■ What is being asked
Apart from the images, output the data below exactly.
======== Provided data
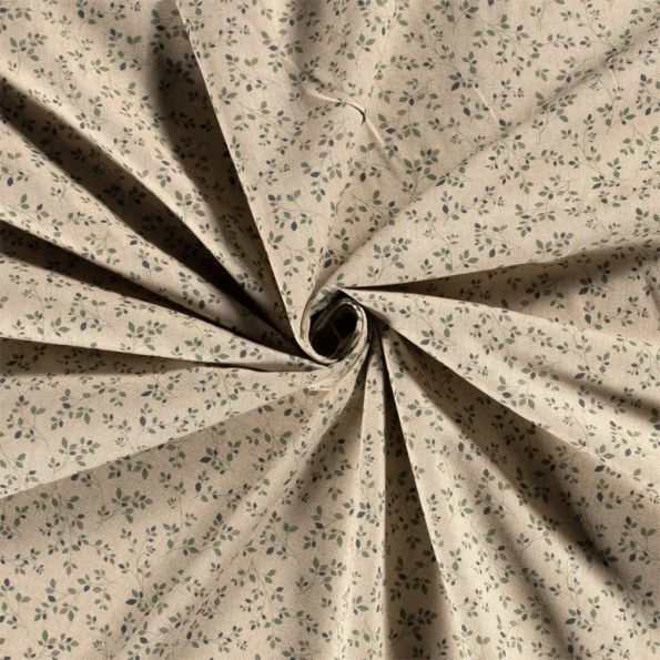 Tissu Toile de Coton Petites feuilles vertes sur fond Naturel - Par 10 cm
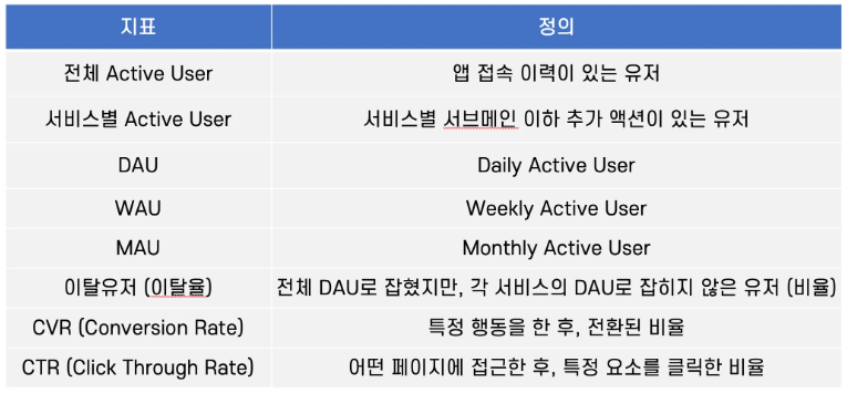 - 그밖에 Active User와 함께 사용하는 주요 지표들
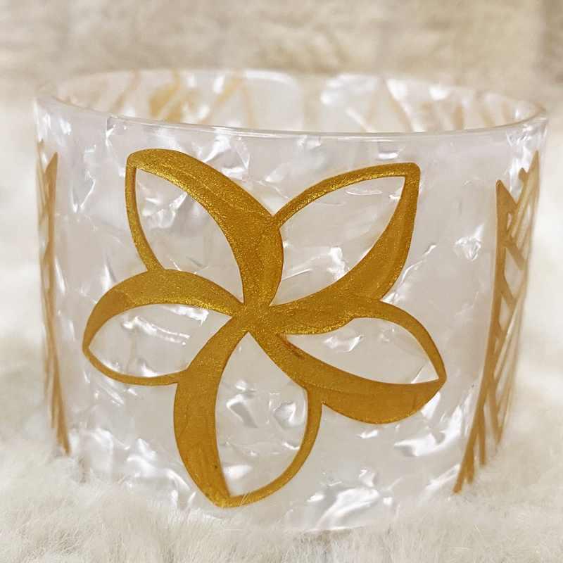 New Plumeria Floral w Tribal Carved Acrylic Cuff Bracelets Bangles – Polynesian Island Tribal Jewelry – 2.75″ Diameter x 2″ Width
================
■ Answer box
 Tissu Toile de Coton Petites feuilles vertes sur fond Naturel - Par 10 cm
 - 그밖에 Active User와 함께 사용하는 주요 지표들
 New Plumeria Floral w Tribal Carved Acrylic Cuff Bracelets Bangles – Polynesian Island Tribal Jewelry – 2.75″ Diameter x 2″ Width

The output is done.